Following are the fundamental differences between gini index and information gain;

* Gini index is measured by subtracting the sum of squared probabilities of each class from one, in opposite of it, information gain is obtained by multiplying the probability of the class by log ( base= 2) of that class probability.  

* Gini index favours larger partitions (distributions) and is very easy to implement whereas information gain supports smaller partitions (distributions) with various distinct values, i.e there is a need to perform an experiment with data and splitting criterion.

* The gini index approach is used by CART algorithms, in opposite to that, information gain is deployed in ID3, C4.5 algorithms.

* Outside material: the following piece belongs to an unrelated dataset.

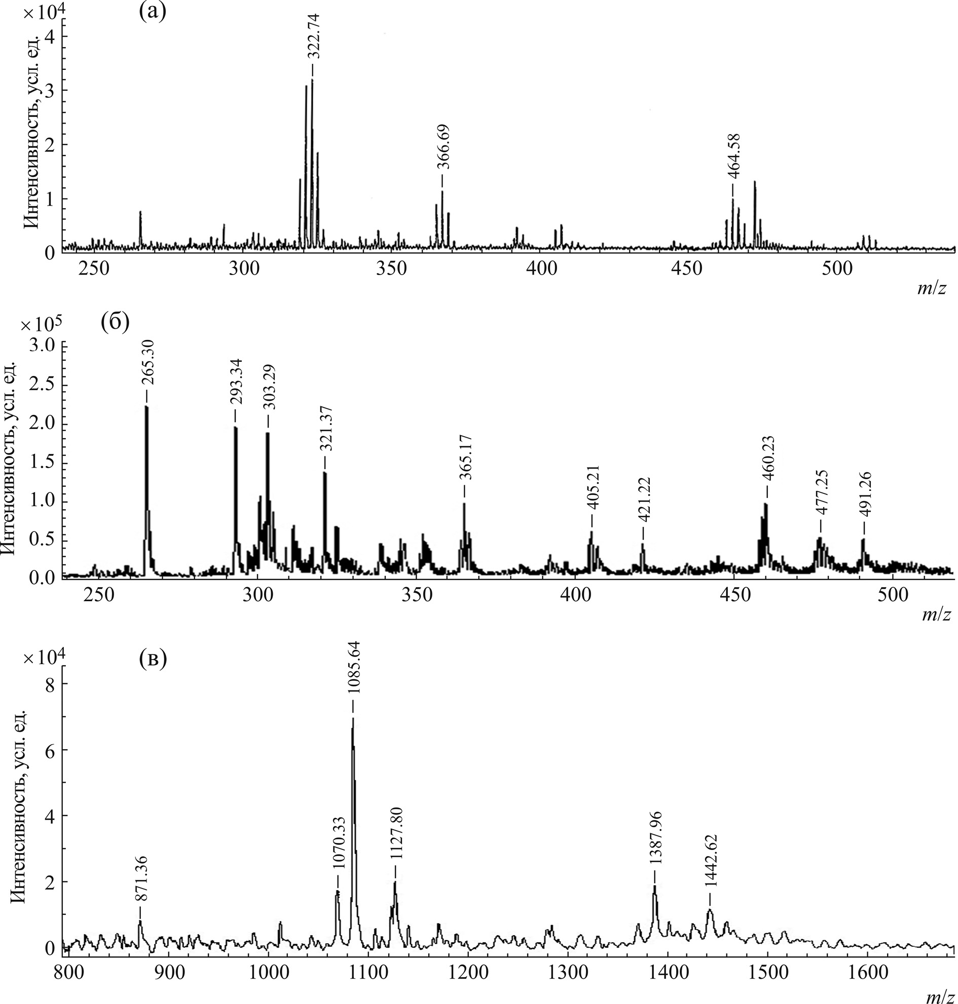 В настоящей работе рассматриваются и сравниваются данные молекулярных масс, расположенные по оси Х. Величина пика иона по оси Y (интенсивность) определяется относительным количеством иона в образце.

* While working on categorical data variables, gini index gives results either in “success” or “failure” and performs binary splitting only, in contrast to this, information gain measures the entropy differences before and after splitting and depicts the impurity in class variables.

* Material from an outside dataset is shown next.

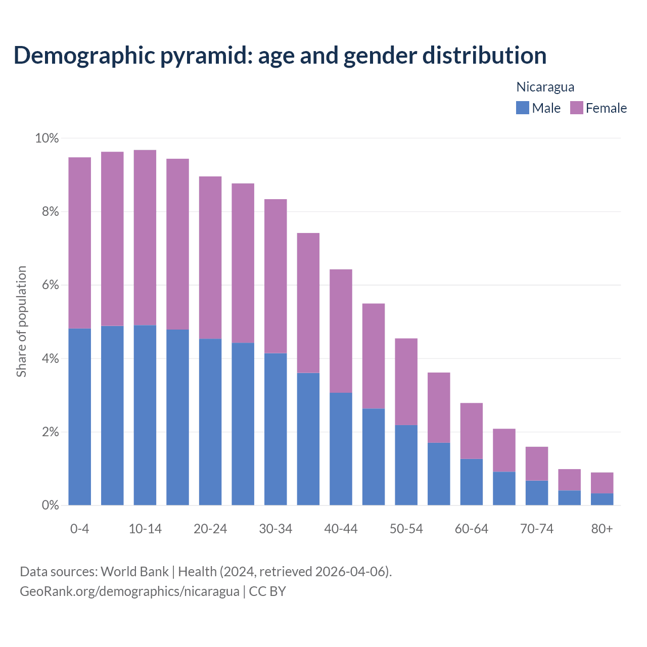 With a population of 6.92M people, Nicaragua has a median age of 26.6 years which makes it the 125/196 oldest country. 28.8% of the demographic are children 0-14 years old, 65.7% are working-age people aged 15-64, and 5.53% are older population aged 65+ years.

## Gini Impurity for the Leaf nodes

When calculating the gini impurity for a single leaf node, we can have multiple classes C
 – e.g. the classes "YES" and "NO". The following are the steps:

Calculate the probabilities of all classes, given the samples in a Leaf k

1. Square the calculated probabilities, i.e. raised to the power of 2
2. Sum all the squared probabilities into a single integer
3. Subtract the single integer from 1

The probabilities are easy to find. If the class is "YES", then we simply count the number of observations labelled "YES" in 
Leaf k and divide it by the total number of observations. We will see exactly how this is done later on.

Formula:

![image](https://user-images.githubusercontent.com/87692393/197339250-f4394087-73a1-4965-99f5-d57d2b40a769.png)

## Gini Impurity for the Internal nodes

The next thing we need to explain is how gini impurity is calculated for an internal node (and the root node, more on this later). The following are the steps:

1. Loop over each leaf node, from k=1 all the way to K leaf nodes.
2. Find the gini impurity of the current leaf k'th leaf (with the first equation that was just explained.
3. Count the number of observations in the k'th leaf.
4. Divide by the total number of observations in all the leaf nodes.
5. After looping over all leafs, the result of each leaf is summed for a final gini impurity.

Formula:
![image](https://user-images.githubusercontent.com/87692393/197339460-20f34e78-90f0-4305-9427-d5532a1224b1.png)

## Tree Construction

Calculate the gini impurity for each feature, as a candidate to become the next node in the classification tree.
1. For each feature in unused_features
2. For each class in feature
3. Calculate the gini impurity for class
4. Calculate the gini impurity for feature

Compare all gini impurities for all unused features, and split the observations based on the feature with the lowest gini impurity.
1. Compare gini impurities for all unused features
2. If one of the gini impurities is less than the gini impurity for the leaf node, split the observations with the feature that has the lowest gini impurity.